Florian Kroh, Nikolaus von Knebel Doeberitz, Johannes Breitling, Srdjan Maksimovic, Laila König, Sebastian Adeberg, Moritz Scherer, Andreas Unterberg, Martin Bendszus, Wolfgang Wick, Peter Bachert, Jürgen Debus, Mark E. Ladd, Heinz-Peter Schlemmer, Andreas Korzowski, Steffen Goerke, Daniel Paech

Abstract

Purpose

The purpose of this study was to compare the potential of asymmetry-based (APTwasym), Lorentzian-fit-based (PeakAreaAPT and MTconst), and relaxation-compensated (MTRRexAPT and MTRRexMT) CEST contrasts of the amide proton transfer (APT) and semi-solid magnetization transfer (ssMT) for early response assessment and prediction of progression-free survival (PFS) in patients with glioma.

Methods

Seventy-two study participants underwent CEST-MRI at 3T from July 2018 to December 2021 in a prospective clinical trial four to 6 wk after the completion of radiotherapy for diffuse glioma.

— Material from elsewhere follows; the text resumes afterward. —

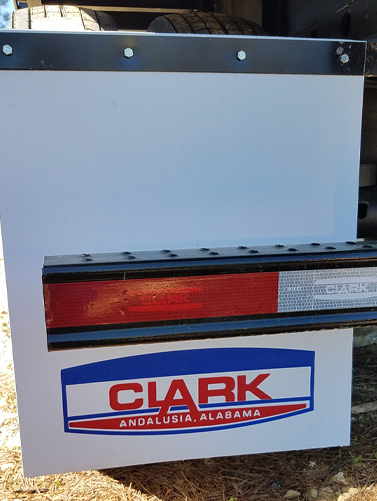 A lot of large fleets and trailer manufacturers express interest in getting their name on their mud flaps and it’s a great idea!. Custom logo mud flaps are essentially free advertising. But let the buyer beware….There are good options and bad options for logo branding mud flaps. The cheapest way is to just have your name screen printed on the flap. Although you can achieve a very detailed image by printing this way it’s usually not a good idea. Ink and flexible mud flaps do not get along well. The constant flexing of the actual flap leads to cracking, peeling, and fairly quick failure of the logo print on the surface. A better option to get your mud flaps hot stamped. This involves having a precision stamping plate made – like a branding iron – that is installed into a press and gets very hot. A sheet of colored ink paper is pulled across the mud flap, similar to wax paper, and the die plate is pressed into the ink film. This literally melts the ink into the surface of the mud flap which makes a much more durable logo stamp. Although the die plate isn’t cheap it’s a reliable method and this plate is saved for all future orders. A third option – and the best – is to have the logo literally molded into the surface of the flap. This creates a 3D raised logo image. Molded flaps do not come cheap. Making an entire mold with lettering and images can cost a couple of thousand dollars and is usually done for very high volume users. The actual cost of the flap isn’t much more than any other method, but it’s rather the expense of the initial mold. Beware of mud flap manufacturers that offer only one type of logo print. – it usually means they have a very limited production facility if options are not available.

Tumor segmentations were performed on T2w-FLAIR and contrast-enhanced T1w images. Therapy response assessment and determination of PFS were performed according to response assessment in neuro oncology (RANO) criteria using clinical follow-up data with a median observation time of 9.2 mo (range, 1.6–40.8) and compared to CEST MRI metrics. Statistical testing included receiver operating characteristic analyses, Mann–Whitney-U-test, Kaplan–Meier analyses, and logrank-test.

Results

MTconst (AUC = 0.79, p < 0.01) showed a stronger association with RANO response assessment compared to PeakAreaAPT (AUC = 0.71, p = 0.02) and MTRRexMT (AUC = 0.71, p = 0.02), and enabled differentiation of participants with pseudoprogression (n = 8) from those with true progression (AUC = 0.79, p = 0.02). Furthermore, MTconst (HR = 3.04, p = 0.01), PeakAreaAPT (HR = 0.39, p = 0.03), and APTwasym (HR = 2.63, p = 0.02) were associated with PFS. MTRRexAPT was not associated with any outcome.

Conclusion

MTconst, PeakAreaAPT, and APTwasym imaging predict clinical outcome by means of progression-free survival. Furthermore, MTconst enables differentiation of radiation-induced pseudoprogression from disease progression. Therefore, the assessed metrics may have synergistic potential for supporting clinical decision making during follow-up of patients with glioma.